→ Data for analysis:
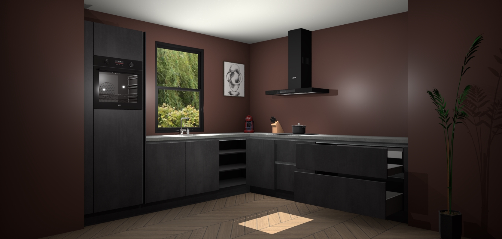 Welkom bij de Beton zwarte greeploze keuken Lublin. Deze prachtige keuken zal de komende jaren het middelpunt van de belangstelling in uw huis zijn. Uitgerust met vijf inbouwapparaten komt u nooit kookgereedschap tekort. Bovendien geeft de warme houtlook elke ruimte een uitnodigende en tijdloze uitstraling.
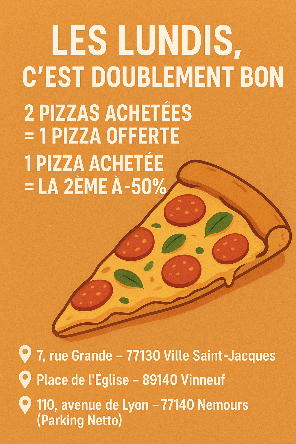 Désormais, 1 Pizza achetée = 1pizza à -50%
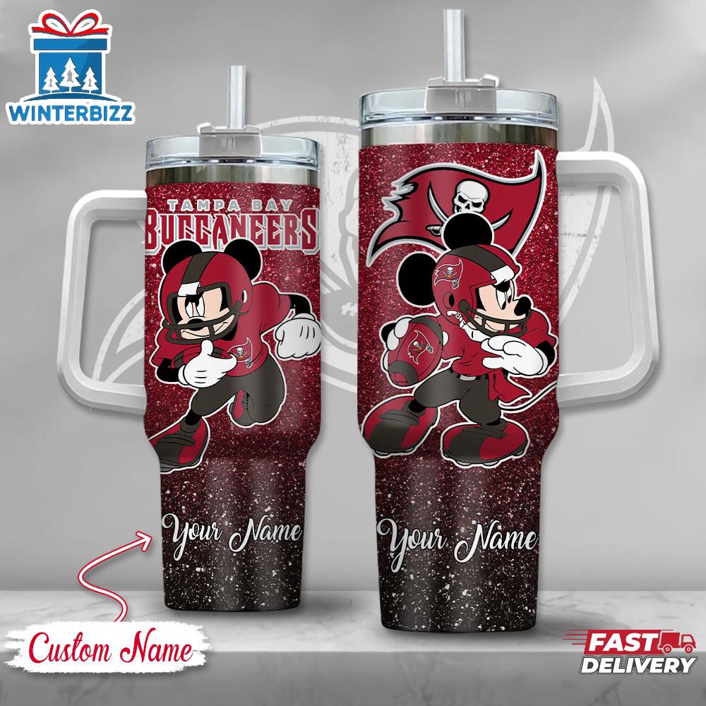 Custom Name Tampa Bay Buccaneers NFL Mickey Mouse Stainless Steel Tumbler 40Oz With Handle
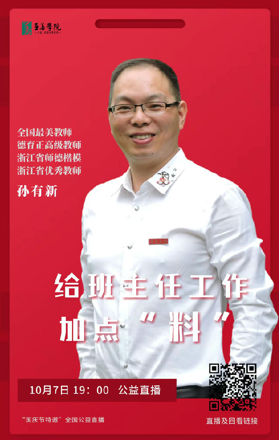 四.主讲人:孙有新老师,浙江师范大学附属瑞安高级中学(瑞安市第五中学)班主任、思想政治教师,德育正高级教师,浙江省首批中小学班主任工作室领衔人,曾获全国十佳好老师、全国最美老师、大国良师创新奖、浙江省师德楷模、浙江省优秀教师、新时代浙江省“万名好党员”、温州市名班主任、2023年温州市班主任年度人物等荣誉称号,2014年浙江省中小学班主任基本功大赛高中组第一名。
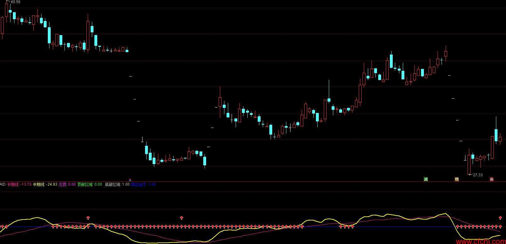 底部区域:中期线<2 OR (长期线<12 AND 中期线<8 AND (短期线<7.2 OR REF(短期线,1)<5) AND (中期线>REF(中期线,1) OR 短期线>REF(短期线,1)))
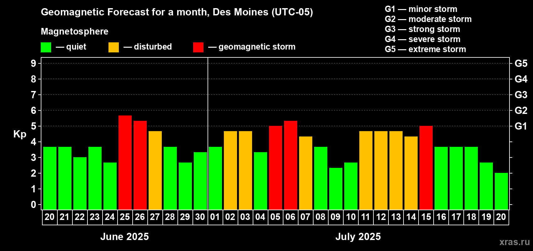 Geomagnetic storm forecast in Des Moines for Jun 20, 2025
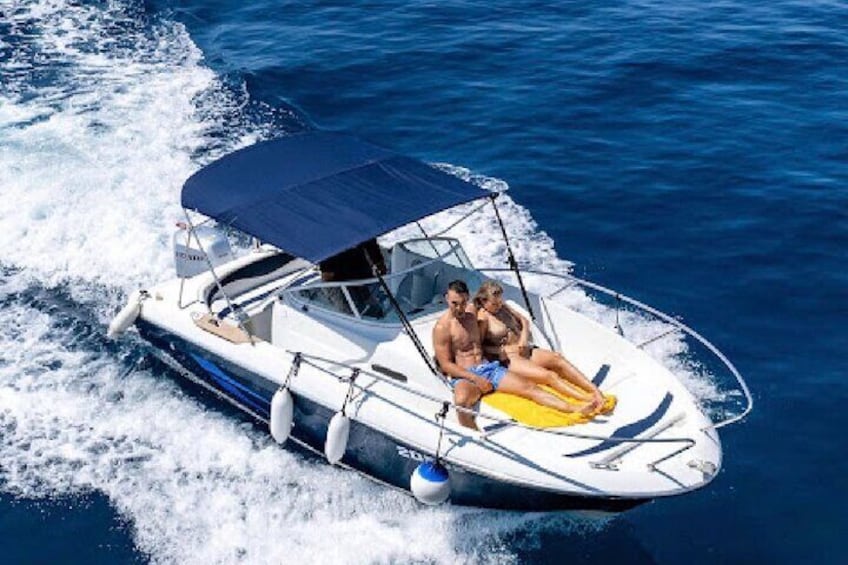 SUNSET - GOLDEN HOUR TOUR: Passing by Old Town, Porporela, Banje Beach, and the whole coast around Old Town. We are going to anchor in front of the Old Town main harbor and near the island Lokrum. From there you are going to enjoy the moment, mesmerizing views, watch the sunset, enjoy music on board, dance, drink your drinks, have a sunset and night swim around the boat on the open sea in safe conditions with lights in the sea from the speedboat making a nice all-around ambient and seeing a lot of small fishes and squids on the surface around the light and the boat. Opportunity to take the best and most unforgettable photos with the GoPro or Instax camera insured by us free.
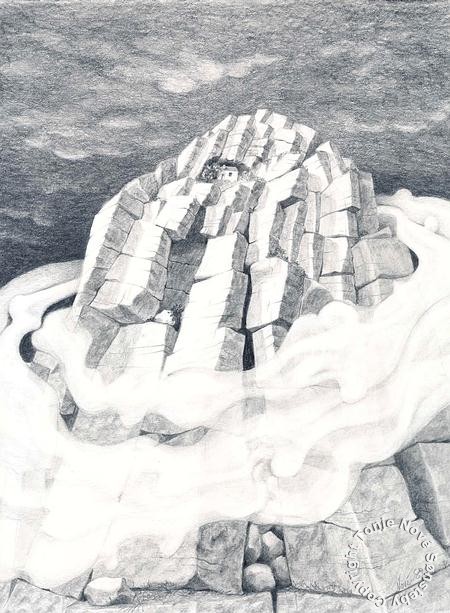 «Eremittfjellet». Blyant, 1989. Noe større enn A4 format. Til slags kr. 2800,- uten ramme. Inkl. ramme 3800,-
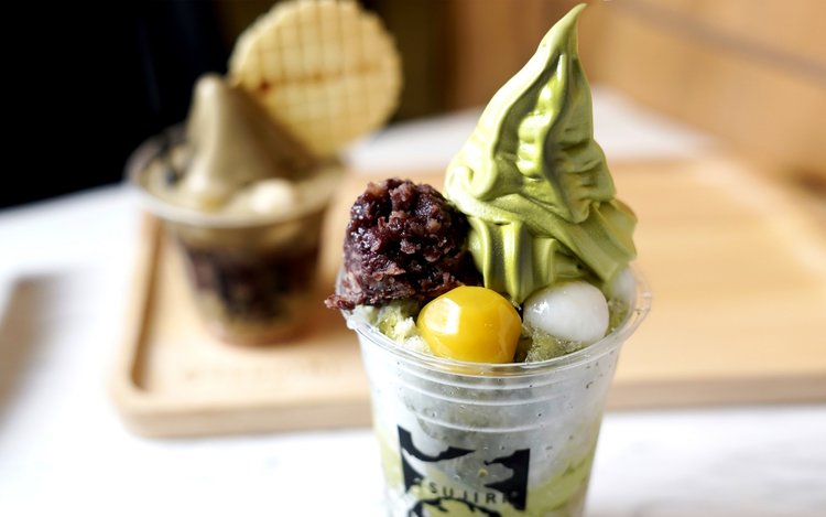 Dig into the TSUJIRI Matcha Shaved Ice's refreshing slush mix while shopping in EmQuartier
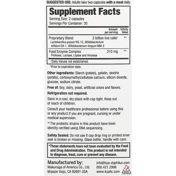 Kyo-Dophilus Eenzyme+ Probiotic se présente sous un format de 60 capsules. Ce produit contient une souche bactérienne spécifique, L. acidophilus, qui a été sélectionnée avec une attention particulière pour favoriser le bien-être du tractus intestinal.
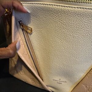 Empreinte V Tote MM in Beige, Rose, and Creme. This shoulder bag is crafted of soft calfskin leather with embossed Louis Vuitton
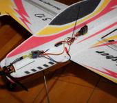 На элероны HXT 900. Двиг 2204-14 , рег на 10 ампер. Вес получился 175 гр. - без аккумулятора …тяжеловато для зала…но пока не облётывал - там посмотрим…
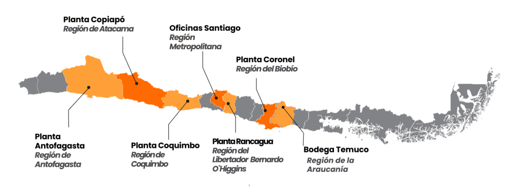 Nuestras sucursales se encuentran en las ciudades de Antofagasta, Copiapó, Coquimbo, Rancagua, Bodega Temuco y Coronel donde se encuentran disponibles nuestros productos.
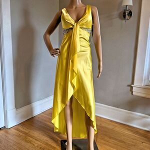 NWT Roberta Yellow Silky Prom Gown, Sequin Beaded High/Low, Size 5/6
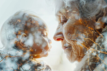 Half-aged face portrait showing young girl and elderly woman side by side, visual representation of aging process and passage of time, powerful concept of youth versus old age
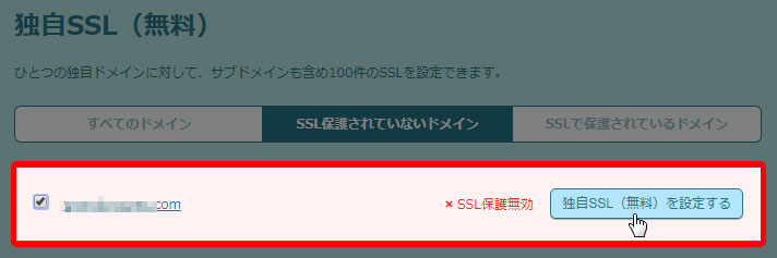 SSL化されていないURLは『×SSL保護無効』と表示されているので、SSL化したいドメインの横のチェックボックスにチェックを入れて『独自SSL(無料)を設定する』をクリックします。
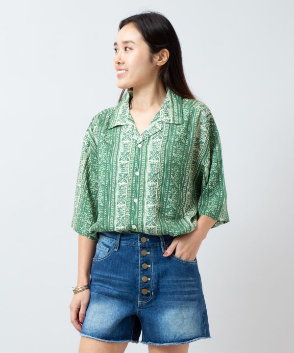 タパモチーフをプリントしたメンズアロハシャツ。伝統的なデザインをモダンに落とし込み、リゾートにも日常にも映える一枚です。
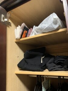 中段には残した黒い衣類。セーター、カーディガン、パンツ(夏・冬用)など。法事くらいならいける。もうここのスペースからは増やさない黒いもの。ストールも大・小・パール入りの3枚。
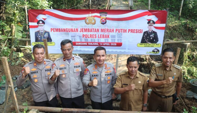 Lebak – Kapolres Lebak Polda Banten AKBP Herfio Zaki, SIK, MH melaksanakan peletakan batu pertama pembangunan Jembatan Merah Putih di Kampung Cikaduen, Desa Sangiang Tanjung, Kecamatan Karanganyar, Kabupaten Lebak, Selasa (14/4/2026).
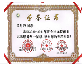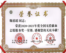 6月13日上午,在第20个世界献血者日到来之际,宝鸡市献血领导小组召开全市无偿献血工作会,对2020-2021年度获奖代表进行表彰。bat365被授予“宝鸡市无偿献血先进单位”,文学与新闻传播学院魏禧瑶同学、美术学院谭月静同学被国家卫生健康委员会、中国红十字会总会、中央军委后勤保障部卫生局授予“全国无偿献血志愿服务奖一星奖”。
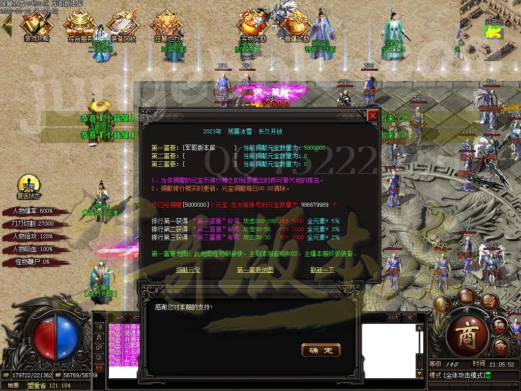 土豪档 总切割=98000切割值   打怪快 增加N倍血量 专属地图
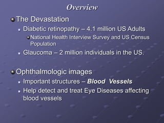 This document discusses automatic detection of blood vessels in digital retinal images using computer vision and image processing (CVIP) tools. It begins with an overview of eye diseases like diabetic retinopathy and glaucoma that can be detected by observing blood vessels in retinal images. It then describes 6 common approaches to blood vessel extraction, including pattern recognition, model-based, tracking-based, and neural network approaches. The document outlines the methods used in the study, including preprocessing retinal images, extracting blood vessels using tools like filters, and postprocessing the results. It provides examples of blood vessel extraction and suggests areas for future work, such as developing techniques to better detect minor blood vessels and separate blood vessels from other structures.
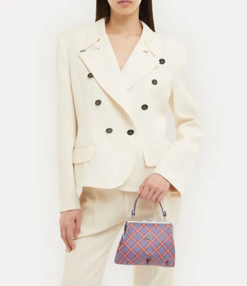 A charming revival of vintage style with a fresh plaid pattern. This frame purse offers timeless elegance paired with playful flair for modern outings.
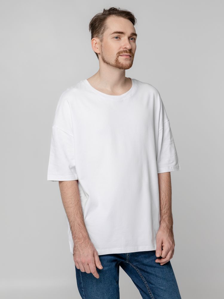 Объемная кроеная футболка с удлиненным рукавом из гребенного хлопка с эластаном не стесняет движений и создает модный расслабленный силуэт.
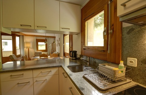 2-room flat on the 4th floor, 75 m2. Balcony, south facing position, with mountain view. Entrance with wardrobe. Bright, cosy living/dining room with 2 wall cupboard beds (90x200). Double room with double bed, bath/WC/lavabo, separate guest toilet. Radio, TV and telephone. Free WLAN connection. Open kitchen with oven and dishwasher. Nespresso coffee machine. Fondue and raclette can be borrowed free of charge at the reception. Garage space available for a fee (Fr. 5.-- per day in summer and Fr. 8.-- per day in winter). Ski and boot room for shared use. Non-smoking flat.
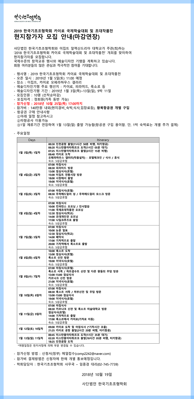 2019 한국기초조형학회 카이로 국제학술대회 및 초대작품전 현지참가자 모집 안내(마감연장)
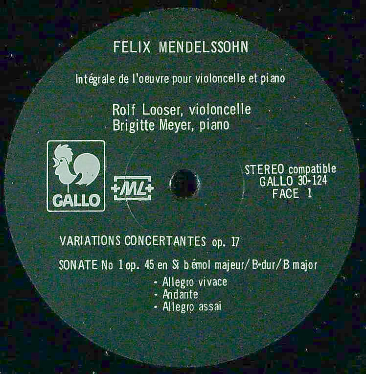 商品コード:REG-3461[スイスGALLO] R.ローザー(vc) B.マイヤー(pf) / VcとPfのための作品全集/メンデルスゾーン:協奏的変奏曲 他
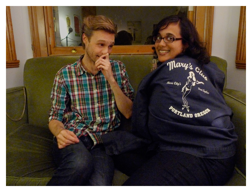 .........priya models tony's jacket while lee admires her third-wave feminism
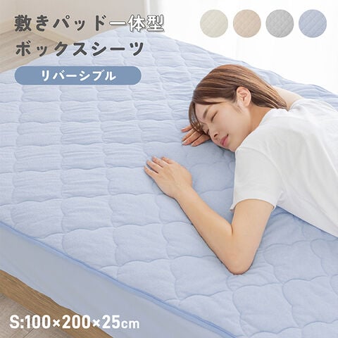 敷きパッド一体型ボックスシーツ シングル 綿100% パイル 吸湿 タオル地 コットン リバーシブル 吸水速乾 ニットワッフル オールシーズン シーツ マットレスカバー 【スモークブルー】

→ Goal of the exercise: Here the job is to copy the stretch of records from the line containing "Geomagnetic storm forecast" through the line containing "На элероны HXT", word for word. Leave every picture out.

→ Finished task:
 Geomagnetic storm forecast in Des Moines for Jun 20, 2025
 SUNSET - GOLDEN HOUR TOUR: Passing by Old Town, Porporela, Banje Beach, and the whole coast around Old Town. We are going to anchor in front of the Old Town main harbor and near the island Lokrum. From there you are going to enjoy the moment, mesmerizing views, watch the sunset, enjoy music on board, dance, drink your drinks, have a sunset and night swim around the boat on the open sea in safe conditions with lights in the sea from the speedboat making a nice all-around ambient and seeing a lot of small fishes and squids on the surface around the light and the boat. Opportunity to take the best and most unforgettable photos with the GoPro or Instax camera insured by us free.
 «Eremittfjellet». Blyant, 1989. Noe større enn A4 format. Til slags kr. 2800,- uten ramme. Inkl. ramme 3800,-
 Dig into the TSUJIRI Matcha Shaved Ice's refreshing slush mix while shopping in EmQuartier
 Kyo-Dophilus Eenzyme+ Probiotic se présente sous un format de 60 capsules. Ce produit contient une souche bactérienne spécifique, L. acidophilus, qui a été sélectionnée avec une attention particulière pour favoriser le bien-être du tractus intestinal.
 Empreinte V Tote MM in Beige, Rose, and Creme. This shoulder bag is crafted of soft calfskin leather with embossed Louis Vuitton
 На элероны HXT 900. Двиг 2204-14 , рег на 10 ампер. Вес получился 175 гр. - без аккумулятора …тяжеловато для зала…но пока не облётывал - там посмотрим…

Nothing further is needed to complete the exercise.